Irritable bowel syndrome (IBS) has always seemed like a bit of an odd term to me. Odd because whilst it is used to describe various symptoms related to the bowel, 'irritable' to me implies angry and annoyed. Assuming that a similar meaning is denoted for IBS, various notions perhaps acquire new meaning. If for example, we assume that the gut is the second brain, and our first brain (the one in our head!) is the part of us that becomes irritable, angry or annoyed in response to whatever, then one can see some sense in its use when applied to the gut.

I digress. There is quite a lot of speculation as to what causes IBS and what are the most effective ways of reducing or managing symptoms. Outside of psychological factors such as stress, diet and food have been consistently related to some cases of IBS and the suggestion that sensitivity or intolerance might be tied into symptoms. I wrote a post about this not so long ago following the publication of quite an important piece of research where non-celiac gluten intolerance seemed to be linked to some cases of IBS. Removing gluten, or rather reintroducing gluten after having previously been excluded from the diet, seemed to be linked to the appearance of various IBS symptoms over placebo.
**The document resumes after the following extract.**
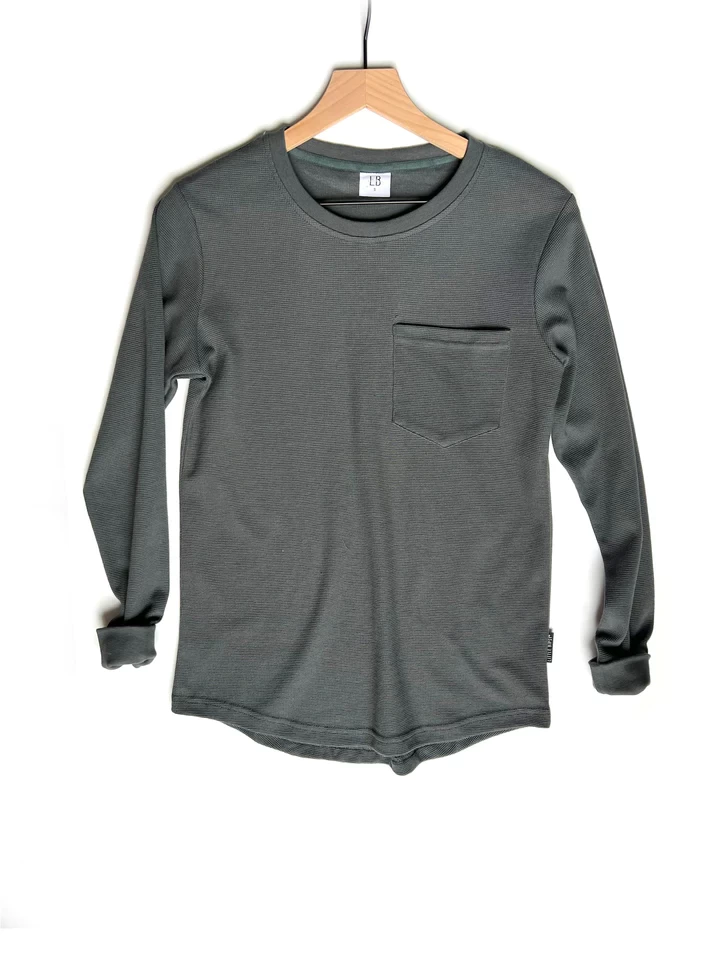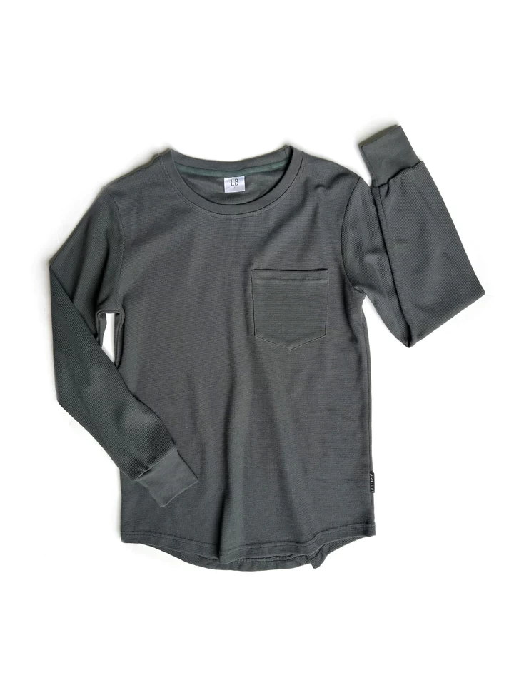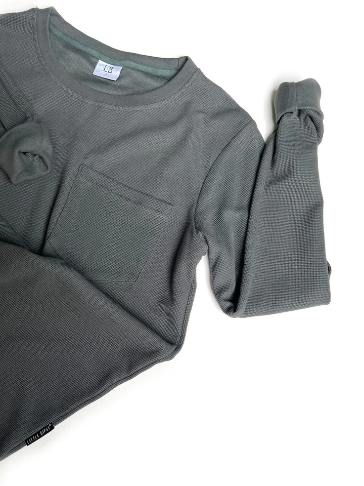 Of course we have the new Waffle Tops in a classic black color! Simple yet sophisticated as ever, take it easy in this soft top. Be sure to look a the matching set for the little ones!

A recent article adds to the dietary connection. The paper by Carroccio and colleagues* suggested that a quarter of their participant group were found to have a food hypersensitivity to cow's milk protein and/or gluten wheat protein. Furthermore levels of tryptase, an enzyme normally released as part of an allergic-immune response, and fecal eosinophil cationic protein (ECP), related to inflammation, were higher in those participants with IBS and food hypersensitivity. This indicating some possibility of identifying those cases of IBS with a potential dietary effect involved.

Whilst complicated, dare I say spectral, conditions such as IBS are never going to be caused by one factor and one factor alone, there is some reliable evidence emerging implicating a dietary effect as being involved. Much like lifestyle and stress-reduction treatments and pharmacotherapy, such a dietary effect if linked, provides another possible intervention route to potentially alleviating symptoms, at least for a proportion of those affected.

* Carroccio A. et al. Fecal assays detect hypersensitivity to cows milk protein and gluten in adults with irritable bowel syndrome. Clinical Gastroenterology & Hepatology. August 2011.